Dr Evan Harris MP

Working hard for Oxford West and Abingdon since 1997

Dr Evan Harris MP

Lib Dem tax resistors make their case

12.01.00am UTC (GMT +0000) Sun 17th Sep 2006

Progressive Liberal Democrats today published a document in support of their proposal to add a 50p top rate tax on incomes over £150,000 in the party's tax policy aiming to raise more poorer tax payers out of tax altogether.

Dr Evan Harris MP, who is proposing the amendment to the party's tax motion on Tuesday 19th September, said:

"This principled, distinctive and popular policy not only improves the already excellent plans set out in our Tax paper by making it more progressive and helping more poorer tax-payers, it also shows that the Lib Dems are prepared to talk the language of tax that ordinary people understand. Neither of the other parties cares about tax fairness or is prepared to talk about income tax rises for the highest earners. We are willing to do so and it has served us well in the past."
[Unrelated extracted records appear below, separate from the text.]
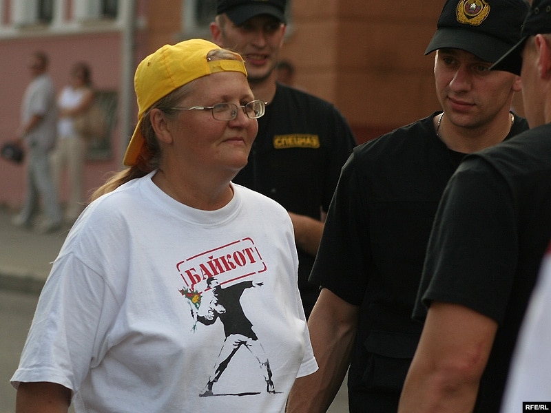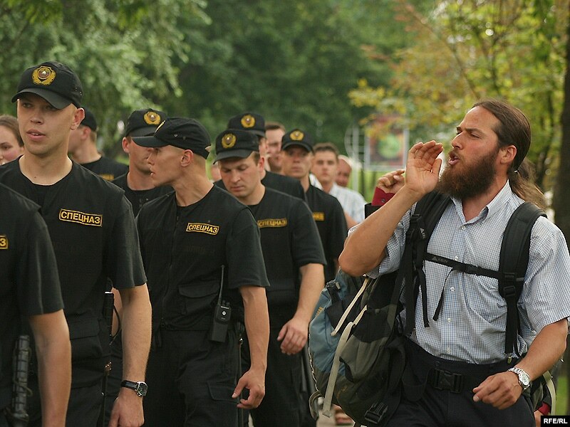 Увесь час калёну суправаджалі дзьве асобы, якія ўвесь час выкрыквалі лёзунгі, крычалі дэманстрантам, што яны ўсе “прадаліся ЗША”, “служаць Бушу” і падобнае. Спэцназаўцы не дазвалялі рабіць ім заўвагі, і гэтак яны прайшлі за калёнай да вуліцы Максіма Багдановіча.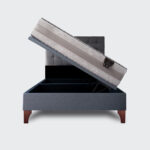Su mayor ventaja reside en su funcionalidad de almacenamiento. Con un práctico sistema de apertura, la base dividida se eleva sin esfuerzo revelando un amplio espacio interior tipo baúl. Este compartimento secreto es ideal para guardar una gran variedad de objetos: ropa de cama extra, edredones, almohadas, ropa de temporada, libros, cajas o cualquier otro artículo que desees tener a mano pero fuera de la vista.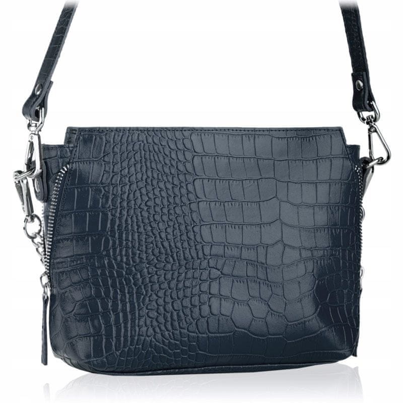 Ženska usnjena torbica čez ramo Betlewski® je odlična izbira, ker: kupujete poljski izdelek in podpirate poljsko podjetje. Izdelana je iz pravega, polnozrnatega usnja z aligatorjevo teksturo. Ima neverjetno modno in elegantno temno modro barvo. Priložen je snemljiv naramni in ročni trak – torbo nosite, kakor koli želite. Modna in elegantna torbica s čudovito teksturo in elegantno temno modro barvo. Ta torbica vas bo naredila za kraljico vsake zabave! Izdelana je iz pravega polnozrnatega usnja, vtisnjenega z neverjetno modno aligatorjevo teksturo. Ima snemljiv trak, tako da jo lahko nosite, kakor koli želite – na rami ali v roki. Srebrna verižica, ki jo krasi, poudarja neverjetno moden videz torbe – s tem dodatkom boste zagotovo pritegnili poglede. Na prvi pogled indeks: TWB-KRO-10-GRAN material: pravo usnje barva: temno modra znamka: Betlewski širina: 21 cm višina: 17 cm globina: 7 cm dolžina traku: 120 cm Dizajnerska torbica, ki očara s svojimi detajli. Na sprednji strani torbe je vtisnjen srebrn logotip blagovne znamke Betlewski®. Popolnoma dopolnjuje eleganten temno moder odtenek usnja in odlično poudarja modno teksturo usnja. Logotip je trdno pritrjen na usnje, zato ste lahko prepričani, da bo torba dolgo zdržala. Pravo usnje z najmodnejšo teksturo. Torbica je izdelana iz mehkega, dišečega, polnozrnatega govejega usnja z aligatorjevo teksturo. Je prijetno in gladko na dotik. Ima neverjetno eleganten temno moder odtenek, ki nikoli ne gre iz mode! 100 % pristno. Torbica je opremljena z etiketami, ki potrjujejo pristnost izdelka, informacijami o negi usnja in vzorcem usnja, uporabljenega pri njeni izdelavi. S temi torbami vam je zagotovljeno pristen izdelek, ki vas bo dolgo časa navduševal. Vsebina je zaščitena z močno zadrgo. Torba se na vrhu zapira z zadrgo. To zagotavlja, da je njena vsebina dobro zaščitena – lahko ste prepričani, da bodo vaše stvari varne v notranjosti. Okrasne zadrge – privlačen detajl. Dve okrasni srebrni zadrgi se nahajata na straneh torbe. Čudovito poudarijo teksturo in barvo usnja ter vaši obleki dodajo rahlo drzen pridih. Udobje, ki ga boste cenili – snemljiv naramni trak. Torba je opremljena z dolgim [največ 120 cm] usnjenim naramnim trakom. Nastavljiv je na pet dolžin. Trak ima za to nastavitev zaponko. Trak je pritrjen s srebrnimi vponkami, zato ga lahko preprosto snamete, če se odločite, da bi torbo raje nosili brez njega. Srebrna verižica za elegantne ženske. Komplet vključuje tudi snemljivo srebrno verižico. Zaradi kratke dolžine 38 cm bo odlično služila kot ročaj za nošenje torbe v roki. Udobje in stil – prostoren notranji žep. V notranjosti je en majhen žep z zadrgo. Idealen je za shranjevanje šminke, bronzerja ali telefona. Notranjost je podložena z elegantno satenasto podlogo, ki poudarja edinstven značaj torbe. Na podlogo je všita usnjena etiketa z logotipom blagovne znamke – naš zaščitni znak, ki pomeni, da se nismo osredotočili le na funkcionalnost torbe, temveč tudi na njeno lepoto. Majhna, a dobro oblikovana! Kljub majhnosti je torba zelo prostorna in lahko vanjo spravite veliko predmetov, kot sta telefon ali zvezek. Vsak dan lahko s seboj nosite vse majhne stvari, brez katerih ne zapustite doma. Pospravite jih vanjo in jih imejte vedno pri sebi! Avtentičnost in kakovost – vemo, da je to pomembno. Kakovost usnja, iz katerega je izdelana torba, potrjuje priloženi certifikat o avtentičnosti. Natisnjen je na elegantnem papirju in vam daje zagotovilo, da kupujete originalen izdelek.
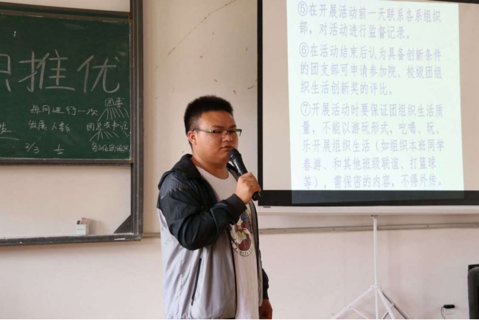 随后,组织部部长陈亮上台介绍团支书培训的内容,讲解发展新团员流程,团组织生活的开展,团组织生活的评比要求,团校团干培训的要求以及推优具体程序。各班级团支书向部长提出相关问题,部长一一为各班团支书解答。最后由部长宣布此次活动结束,请同学们有序离场。

"Adding the 50p top tax rate to the raft of measures already proposed to make tax greener and fairer is entirely coherent and resonant with Liberal Democrat values. It represents an increase in tax on only about 150,000 tax-payers with incomes over £150,000 while benefiting the other 29 million tax-payers, especially the 300,000 poorest. What could be a clearer, more honest and principled demonstration of our commitment to fairer, simpler taxation."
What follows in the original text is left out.